■ **Required action**
I'd like an exact copy of only the lines from the start of the listing below through the line that holds "Descripción: Bolsa mediana, fabricada". Please keep the pictures out.

■ **Provided data**

----------

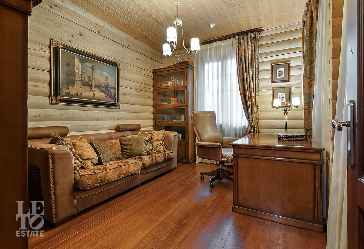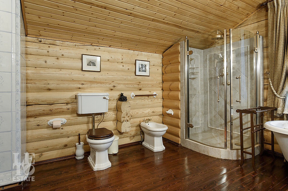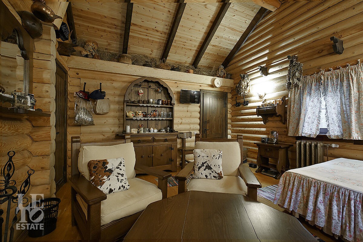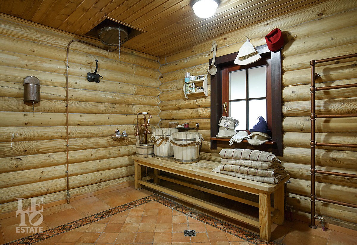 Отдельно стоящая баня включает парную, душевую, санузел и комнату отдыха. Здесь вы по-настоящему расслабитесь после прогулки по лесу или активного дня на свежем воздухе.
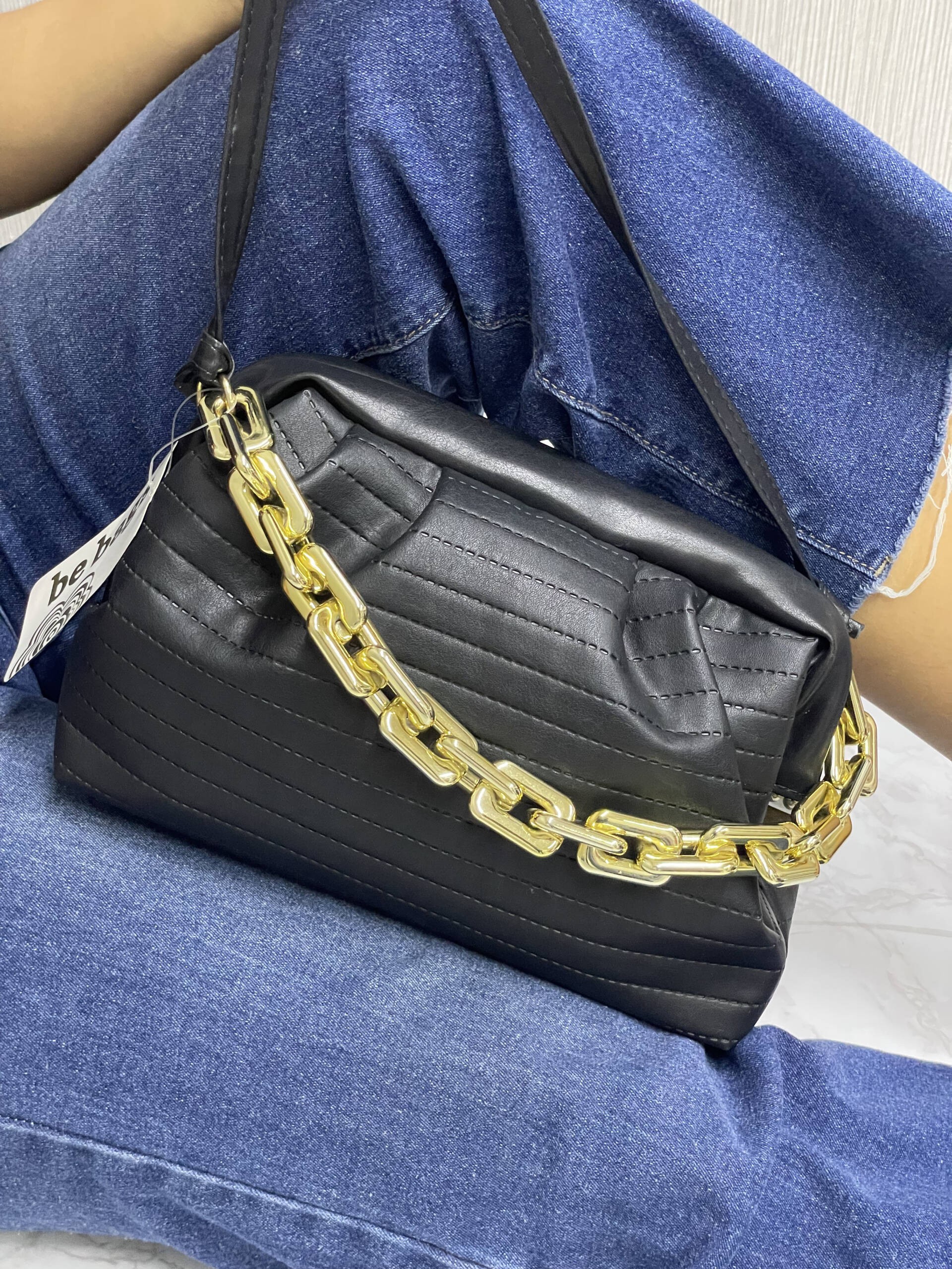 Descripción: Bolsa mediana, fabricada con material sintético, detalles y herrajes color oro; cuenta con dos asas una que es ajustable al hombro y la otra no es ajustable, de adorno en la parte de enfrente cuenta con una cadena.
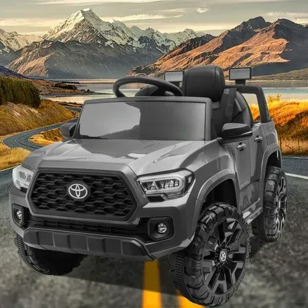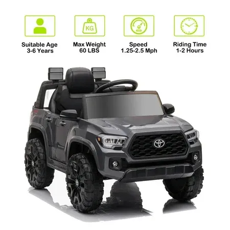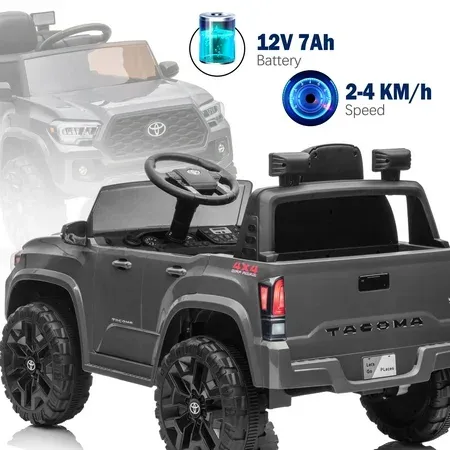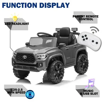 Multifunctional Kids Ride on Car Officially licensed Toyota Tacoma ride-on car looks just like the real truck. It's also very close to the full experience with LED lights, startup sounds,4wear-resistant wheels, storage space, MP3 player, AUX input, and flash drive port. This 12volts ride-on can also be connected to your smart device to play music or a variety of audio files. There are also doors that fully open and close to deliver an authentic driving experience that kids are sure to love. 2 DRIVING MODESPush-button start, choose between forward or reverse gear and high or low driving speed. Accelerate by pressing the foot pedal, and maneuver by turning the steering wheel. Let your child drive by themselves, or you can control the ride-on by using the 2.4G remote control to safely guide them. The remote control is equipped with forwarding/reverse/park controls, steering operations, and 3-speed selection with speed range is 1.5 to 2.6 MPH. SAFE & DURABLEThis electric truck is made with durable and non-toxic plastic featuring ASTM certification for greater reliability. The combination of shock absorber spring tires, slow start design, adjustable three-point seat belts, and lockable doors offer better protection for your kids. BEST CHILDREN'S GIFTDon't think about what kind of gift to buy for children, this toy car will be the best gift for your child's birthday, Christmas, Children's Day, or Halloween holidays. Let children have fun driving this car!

----------

■ **Solution for this problem**
 Отдельно стоящая баня включает парную, душевую, санузел и комнату отдыха. Здесь вы по-настоящему расслабитесь после прогулки по лесу или активного дня на свежем воздухе.
 Descripción: Bolsa mediana, fabricada con material sintético, detalles y herrajes color oro; cuenta con dos asas una que es ajustable al hombro y la otra no es ajustable, de adorno en la parte de enfrente cuenta con una cadena.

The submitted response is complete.